**REQUIRED WORK**
For each record below, set it down exactly but leave out any picture.

#### STUDY MATERIAL

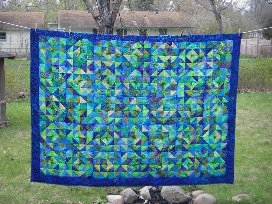 Pamelyn Jewels - 50 plus batik fabrics used for this half-square triangle beauty!
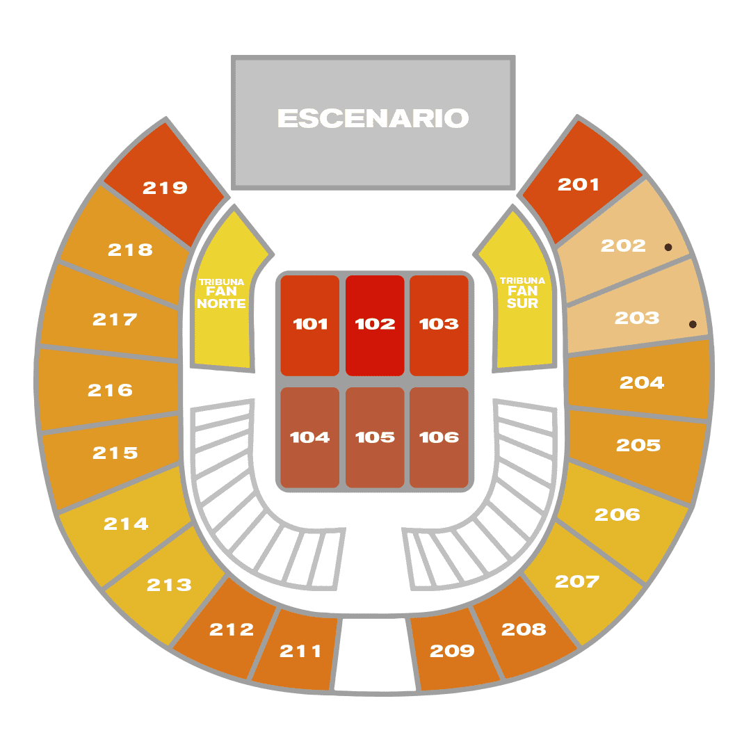 - Los sectores: 201, 219, 301 y 319 pueden tener restricciones de visibilidad dependiendo del montaje que se realice del espectáculo, pantallas, escenarios luces, sonido, etc, situación que reconoce y acepta en el momento de comprar las boletas. En los casos anteriores, no serán de recibo posteriores quejas o reclamaciones relacionadas con este aspecto, es decir con la visibilidad del espectáculo.
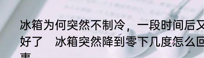 冰箱为何突然不制冷,一段时间后又好了 冰箱突然降到零下几度怎么回事
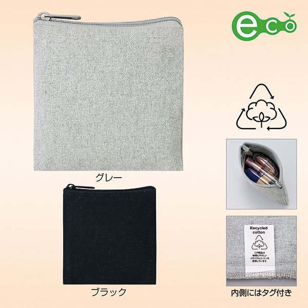 口紅やイヤホン、サプリメントなど細かな小物の収納にぴったりの、正方形型ポーチ。 リサイクルコットンを使用しており、SDGsへの意識もアピールできるエコロジカルな一品です。もちろん名入れもOK。ポーチはシーズン問わず人気のノベルティのため、おしゃれで使い勝手の良いものを選ぶことでプロモーション効果もアップします。
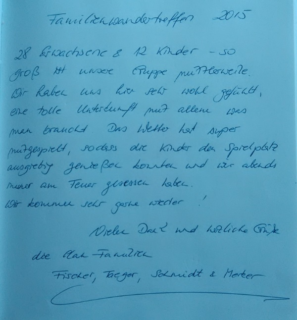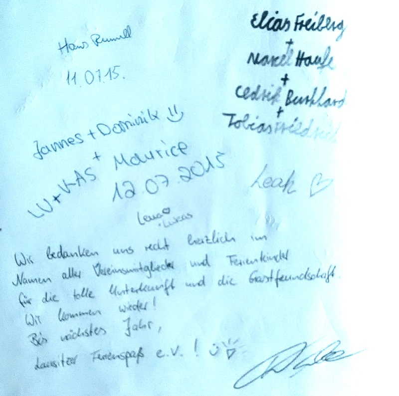 Wir bedanken uns im Namen aller Vereinsmitglieder und Ferienkinder für die tolle Unterkunft und Gastfreundschaft.
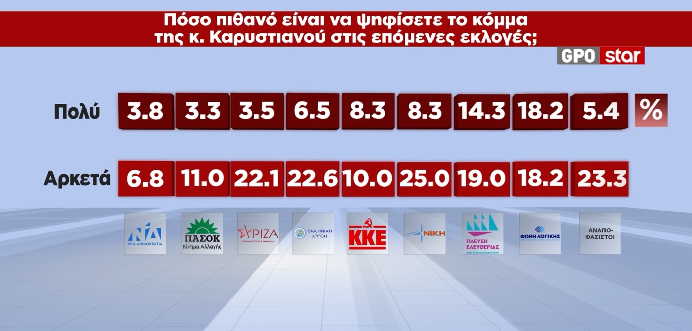 Μεγαλύτερη διείσδυση φαίνεται να έχει η Μ. Καρυστιανού στη Φωνή Λογικής, στην Πλεύση Ελευθερίας, στη Νίκη, στην Ελληνική Λύση και στους αναποφάσιστους.
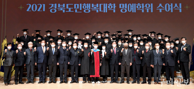 경상북도는 12월 21일(화) 도청 동락관에서 경상북도인재평생교육진흥원 주관으로 ‘경북도민행복대학 명예학위수여식’을 개최했다고 밝혔다.
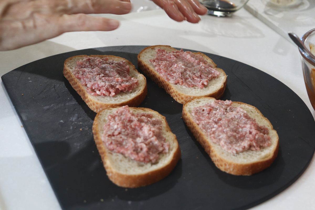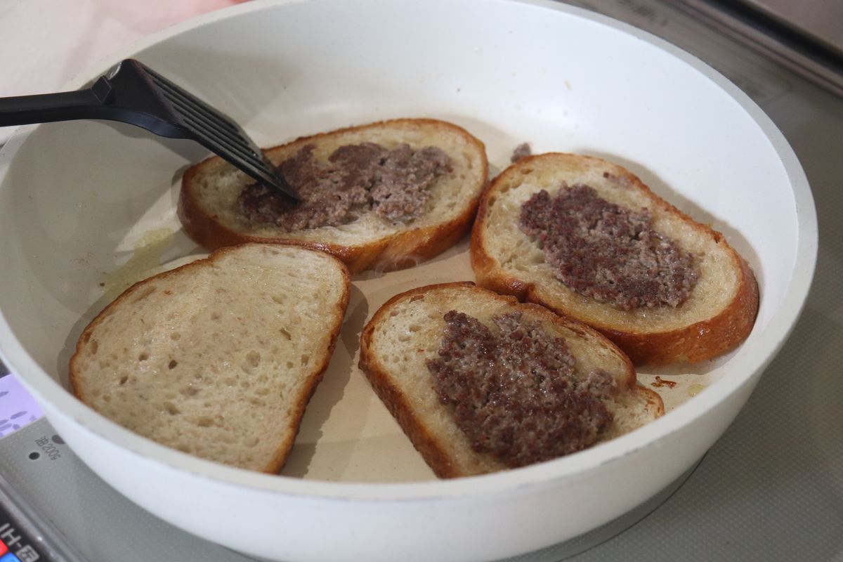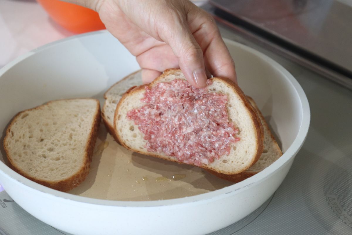 4.サンドイッチ用のパンを並べて、 合い挽き肉を均等に直接パンに塗ります
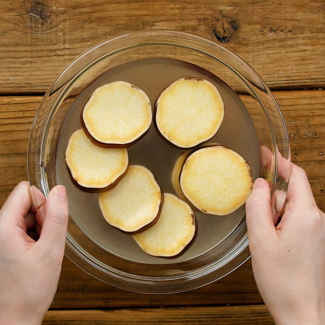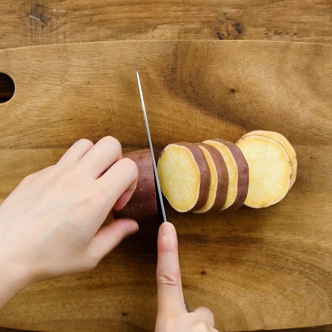 さつまいもを1cm幅の輪切りにして水にさらし、水分を拭き取ります。
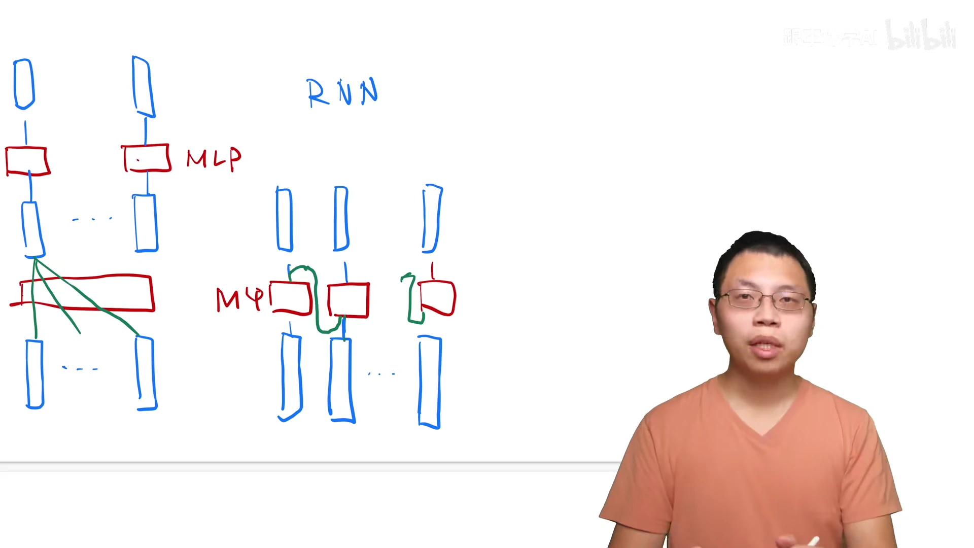 RNN的inductive bias是sequentiality和time invariance,即序列顺序上的timesteps有联系,和时间变换的不变性(rnn权重共享)
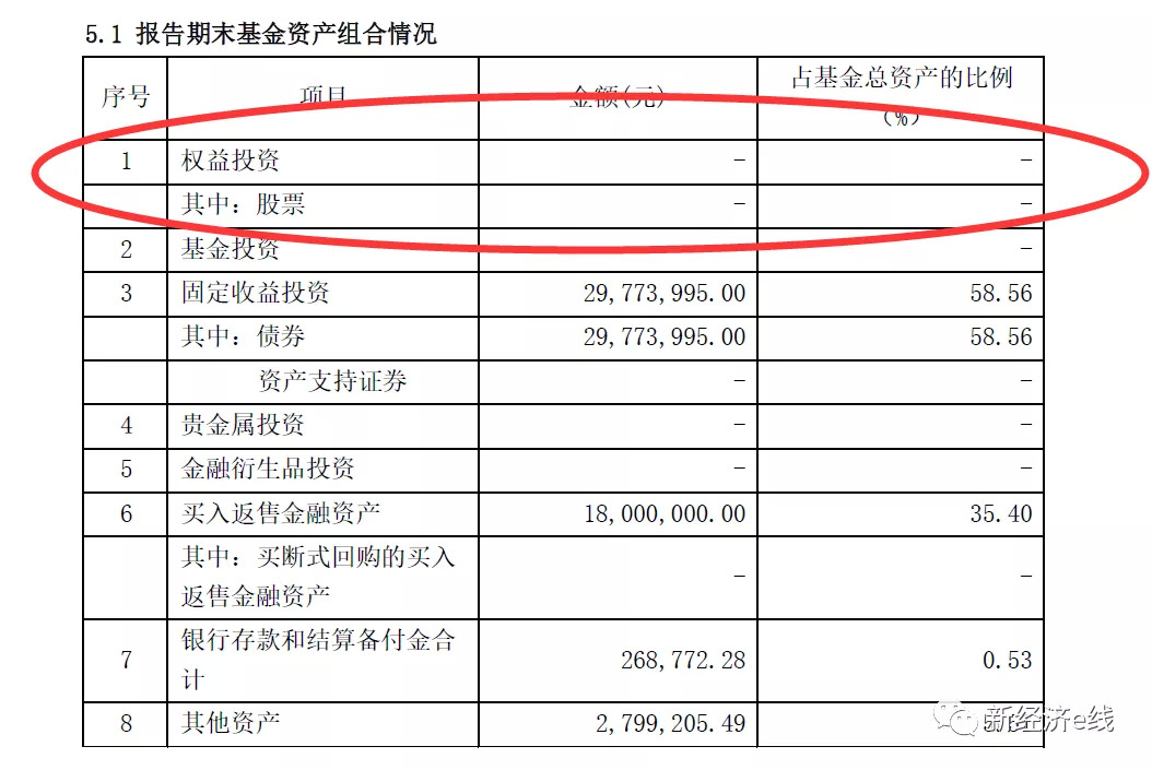 而且,令人意外的是,新经济e线调查发现,作为一只主动权益类基金,从2018年6月30日至2020年6月30日,天弘裕利竟然连续9季保持股票仓位为零。

########

**SOLUTION**
 Pamelyn Jewels - 50 plus batik fabrics used for this half-square triangle beauty!
 - Los sectores: 201, 219, 301 y 319 pueden tener restricciones de visibilidad dependiendo del montaje que se realice del espectáculo, pantallas, escenarios luces, sonido, etc, situación que reconoce y acepta en el momento de comprar las boletas. En los casos anteriores, no serán de recibo posteriores quejas o reclamaciones relacionadas con este aspecto, es decir con la visibilidad del espectáculo.
 冰箱为何突然不制冷,一段时间后又好了 冰箱突然降到零下几度怎么回事
 口紅やイヤホン、サプリメントなど細かな小物の収納にぴったりの、正方形型ポーチ。 リサイクルコットンを使用しており、SDGsへの意識もアピールできるエコロジカルな一品です。もちろん名入れもOK。ポーチはシーズン問わず人気のノベルティのため、おしゃれで使い勝手の良いものを選ぶことでプロモーション効果もアップします。
 Wir bedanken uns im Namen aller Vereinsmitglieder und Ferienkinder für die tolle Unterkunft und Gastfreundschaft.
 Μεγαλύτερη διείσδυση φαίνεται να έχει η Μ. Καρυστιανού στη Φωνή Λογικής, στην Πλεύση Ελευθερίας, στη Νίκη, στην Ελληνική Λύση και στους αναποφάσιστους.
 경상북도는 12월 21일(화) 도청 동락관에서 경상북도인재평생교육진흥원 주관으로 ‘경북도민행복대학 명예학위수여식’을 개최했다고 밝혔다.
 4.サンドイッチ用のパンを並べて、 合い挽き肉を均等に直接パンに塗ります
 さつまいもを1cm幅の輪切りにして水にさらし、水分を拭き取ります。
 RNN的inductive bias是sequentiality和time invariance,即序列顺序上的timesteps有联系,和时间变换的不变性(rnn权重共享)
 而且,令人意外的是,新经济e线调查发现,作为一只主动权益类基金,从2018年6月30日至2020年6月30日,天弘裕利竟然连续9季保持股票仓位为零。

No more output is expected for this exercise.